◆ **WHAT TO WORK ON**
With the pictures left out, restate every entry word for word.
-=-=-
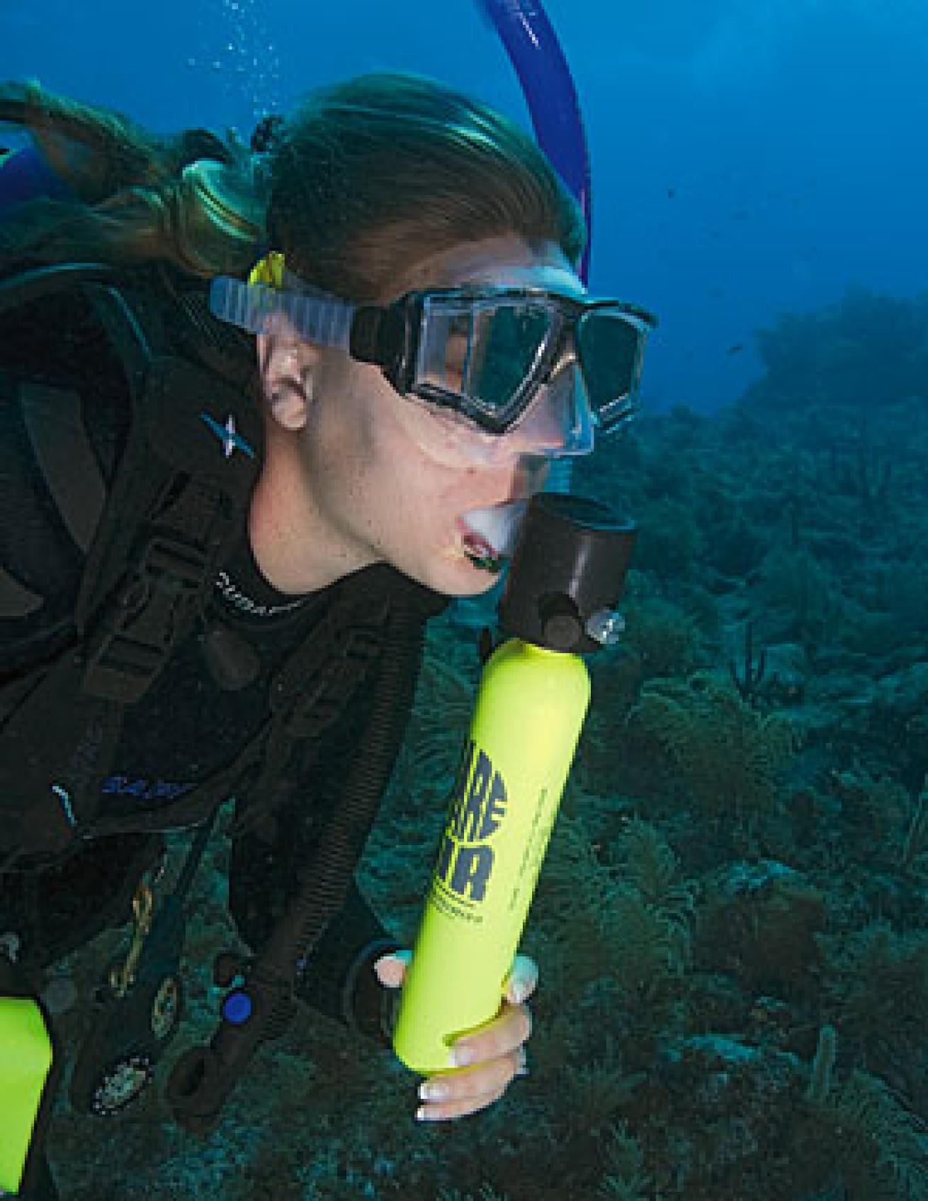 A: In an out-of-air situation, getting to the surface should be your priority, and compact redundant air sources like yours are specifically designed for a controlled ascent all the way to the surface at the standard rate of 30 feet per minute. Remember, for recreational dives, safety stops, while highly recommended on deeper dives, are not required. Also, do not count on having 50 breaths. Remember that 50 breaths on the surface will only equal 25 breaths at 33 feet (two atmospheres) and only 12 breaths at 99 feet (four atmospheres). And that is the best-case scenario; your test probably didn't simulate the anxiety of truly being out of air underwater. On its web site, the manufacturer of the most common compact emergency air source, Spare Air, recommends making "a practice ascent" from recreational depths so you know how many breaths it will give you.
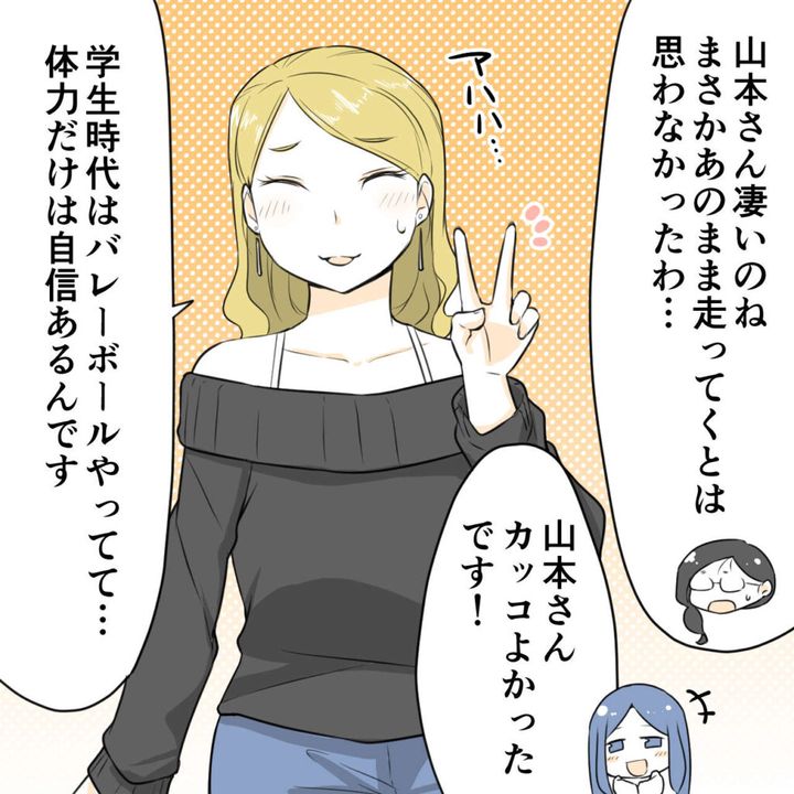 「山本さん凄いのね。まさかあのまま走ってくとは思わなかったわ・・・」と驚くミチコと「山本さんカッコよかったです!」と尊敬のまなざしを送る渡辺さん。ケイコさんは少し照れくさそうに笑いながら「学生時代はバレーボールやってて・・・体力だけは自信あるんです」とピースサイン。
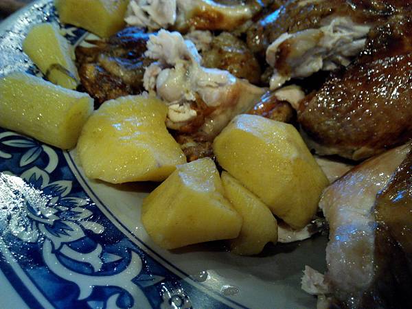 黃色的是番薯,用雞油雞汁悶出來的黃番薯,很香很好吃!
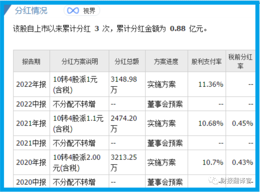 在公司的股息信息中,翻译人员还了解到,自上市以来,该公司已经支付了三倍的股息,总共分配了8800万元人民币。
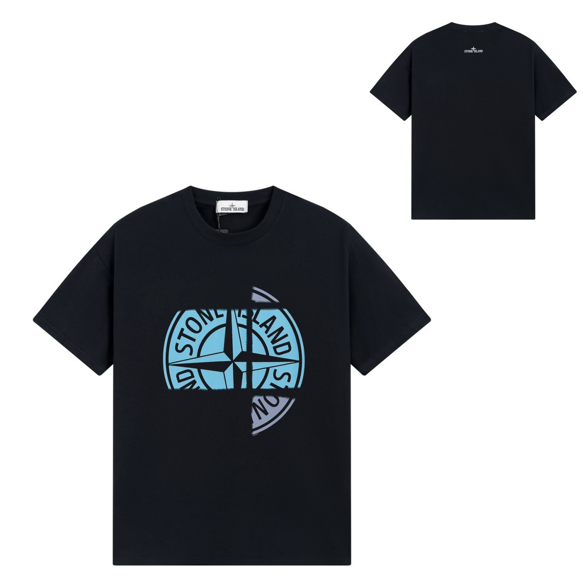 여름 스톤 퓨어 코튼 반팔 티셔츠 콜라보 로고 프린트 캐주얼 루즈 커플 남성과 여성의 크로스보더 올바른 버전
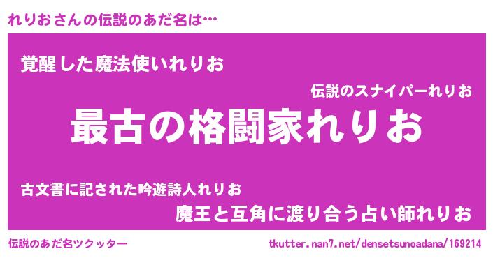 | 肩書あだ名 | 『れりお閣下』『れりお総理大臣』 |
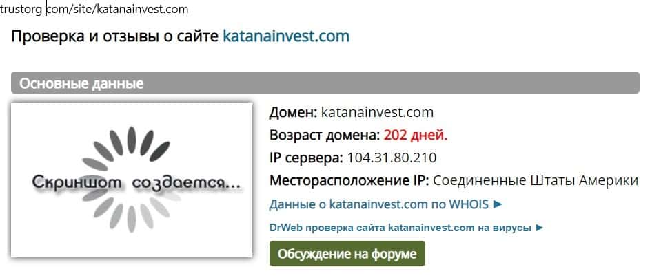 Возраст доменного имени сайта katanainvest com составляет 202 дня. Это очень маленький срок, поэтому брокер не может быть солидной компанией, о чем он пишет на сайте.
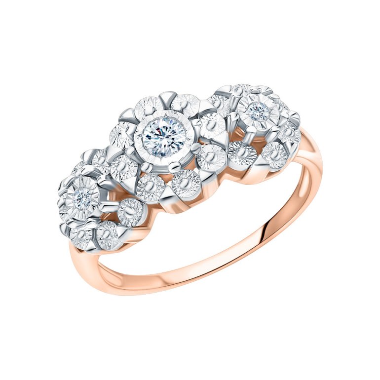 Кольцо с 1 бриллиантом природным, 0.077 карат, огранка круг 57 граней, цвет 3, чистота 6, тип огранки А; 2 бриллиантами природными, 0.024 карат, огранка круг 57 граней, цвет 3, чистота 6, тип огранки А; Розовое и белое золото 585 пробы.
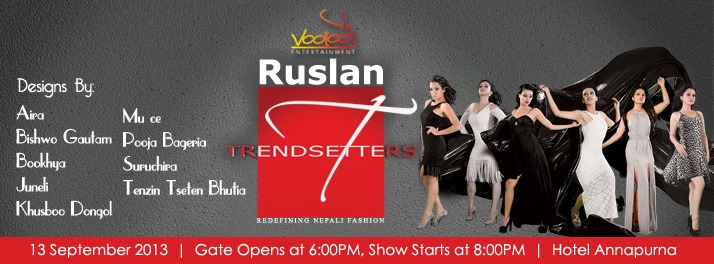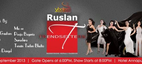Ruslan Trendsetters 2013/14 Nepal Tour covering 16 cities Starting with Kathmandu Showcasing designs by: Aira Bishwo Gautam Bookhya Juneli Pooja Bageria Suruchira Khusboo Dangol Mu Ce Tenzin Tseten Bhutia Choreographer: Rachana Sharma Gurung Music by: Dj Suraj..
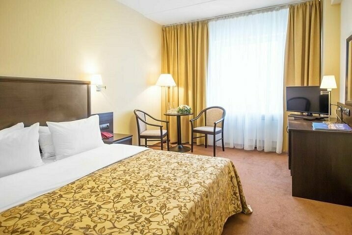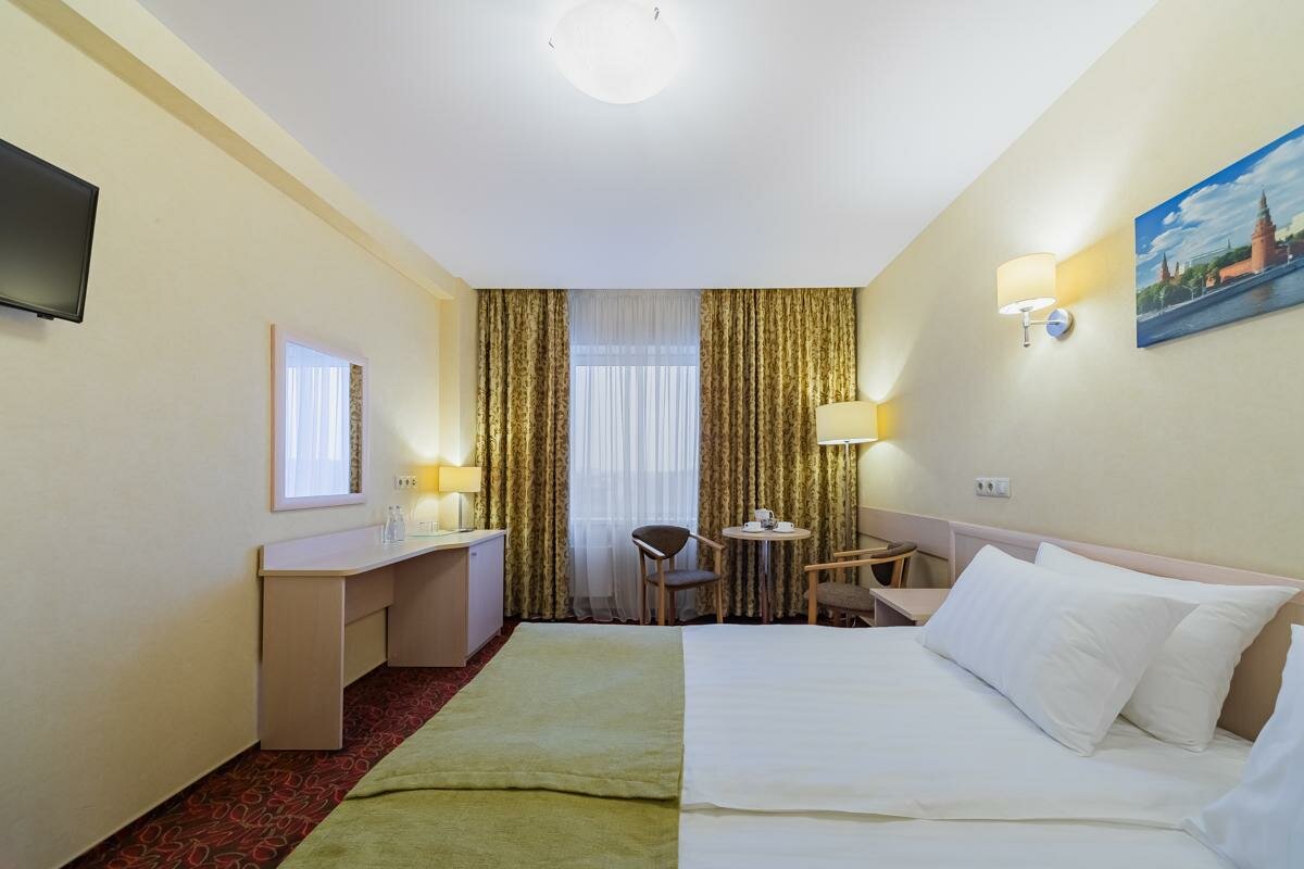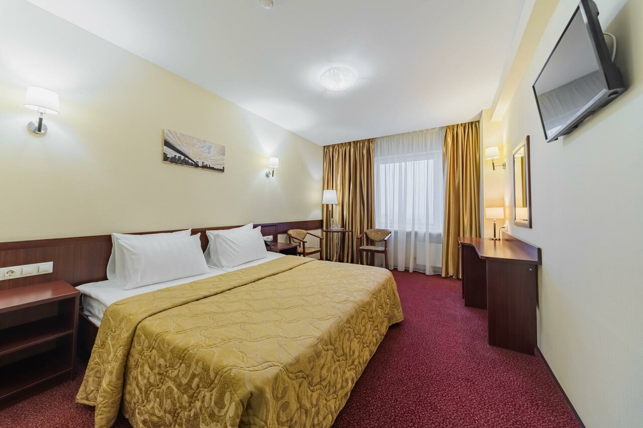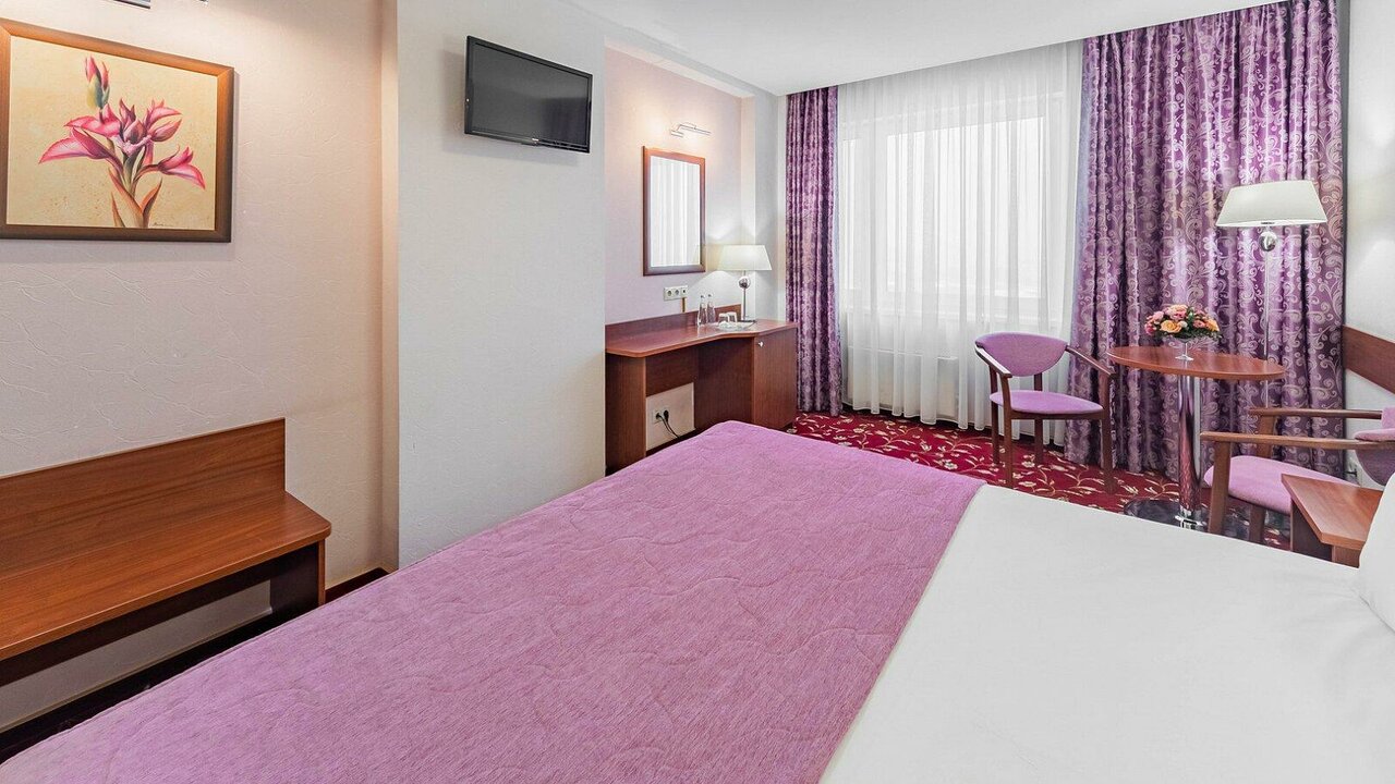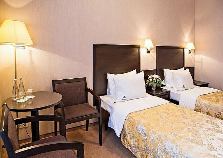 Удобства: — Кондиционер, Wi-Fi, ТВ, мини-бар, фен, сейф, халаты/тапочки. — Ресторан, кафе, бар, ночной клуб, сауна, салон красоты. — Бизнес-центр, конференц-зал, банкетные услуги. — Трансфер (аэропорт/вокзал), парковка (включая услуги парковщика). — Пандусы, лифты, круглосуточная стойка регистрации.
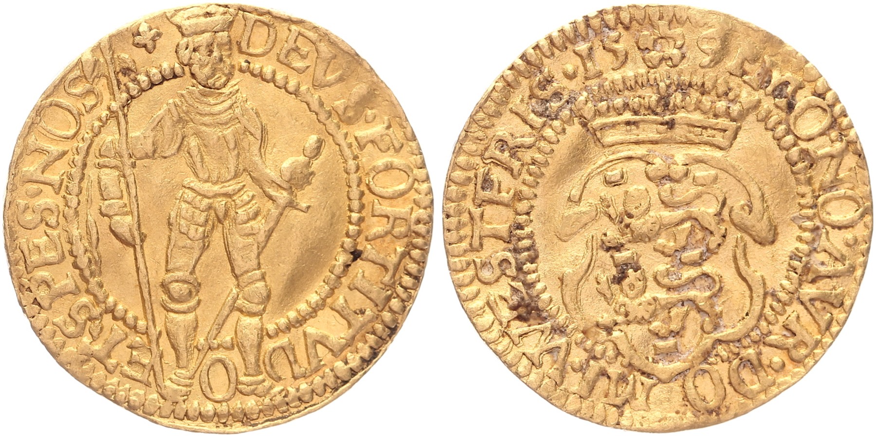 Dukaat 1591, Hongaars type. Delm. 833; CNM 2.46.6; HPM 06 [3,48 gram]. Zeer fraai.
-=-=-
◆ **ANSWER AREA**
 A: In an out-of-air situation, getting to the surface should be your priority, and compact redundant air sources like yours are specifically designed for a controlled ascent all the way to the surface at the standard rate of 30 feet per minute. Remember, for recreational dives, safety stops, while highly recommended on deeper dives, are not required. Also, do not count on having 50 breaths. Remember that 50 breaths on the surface will only equal 25 breaths at 33 feet (two atmospheres) and only 12 breaths at 99 feet (four atmospheres). And that is the best-case scenario; your test probably didn't simulate the anxiety of truly being out of air underwater. On its web site, the manufacturer of the most common compact emergency air source, Spare Air, recommends making "a practice ascent" from recreational depths so you know how many breaths it will give you.
 「山本さん凄いのね。まさかあのまま走ってくとは思わなかったわ・・・」と驚くミチコと「山本さんカッコよかったです!」と尊敬のまなざしを送る渡辺さん。ケイコさんは少し照れくさそうに笑いながら「学生時代はバレーボールやってて・・・体力だけは自信あるんです」とピースサイン。
 黃色的是番薯,用雞油雞汁悶出來的黃番薯,很香很好吃!
 在公司的股息信息中,翻译人员还了解到,自上市以来,该公司已经支付了三倍的股息,总共分配了8800万元人民币。
 여름 스톤 퓨어 코튼 반팔 티셔츠 콜라보 로고 프린트 캐주얼 루즈 커플 남성과 여성의 크로스보더 올바른 버전
 | 肩書あだ名 | 『れりお閣下』『れりお総理大臣』 |
 Возраст доменного имени сайта katanainvest com составляет 202 дня. Это очень маленький срок, поэтому брокер не может быть солидной компанией, о чем он пишет на сайте.
 Кольцо с 1 бриллиантом природным, 0.077 карат, огранка круг 57 граней, цвет 3, чистота 6, тип огранки А; 2 бриллиантами природными, 0.024 карат, огранка круг 57 граней, цвет 3, чистота 6, тип огранки А; Розовое и белое золото 585 пробы.
Ruslan Trendsetters 2013/14 Nepal Tour covering 16 cities Starting with Kathmandu Showcasing designs by: Aira Bishwo Gautam Bookhya Juneli Pooja Bageria Suruchira Khusboo Dangol Mu Ce Tenzin Tseten Bhutia Choreographer: Rachana Sharma Gurung Music by: Dj Suraj..
 Удобства: — Кондиционер, Wi-Fi, ТВ, мини-бар, фен, сейф, халаты/тапочки. — Ресторан, кафе, бар, ночной клуб, сауна, салон красоты. — Бизнес-центр, конференц-зал, банкетные услуги. — Трансфер (аэропорт/вокзал), парковка (включая услуги парковщика). — Пандусы, лифты, круглосуточная стойка регистрации.
 Dukaat 1591, Hongaars type. Delm. 833; CNM 2.46.6; HPM 06 [3,48 gram]. Zeer fraai.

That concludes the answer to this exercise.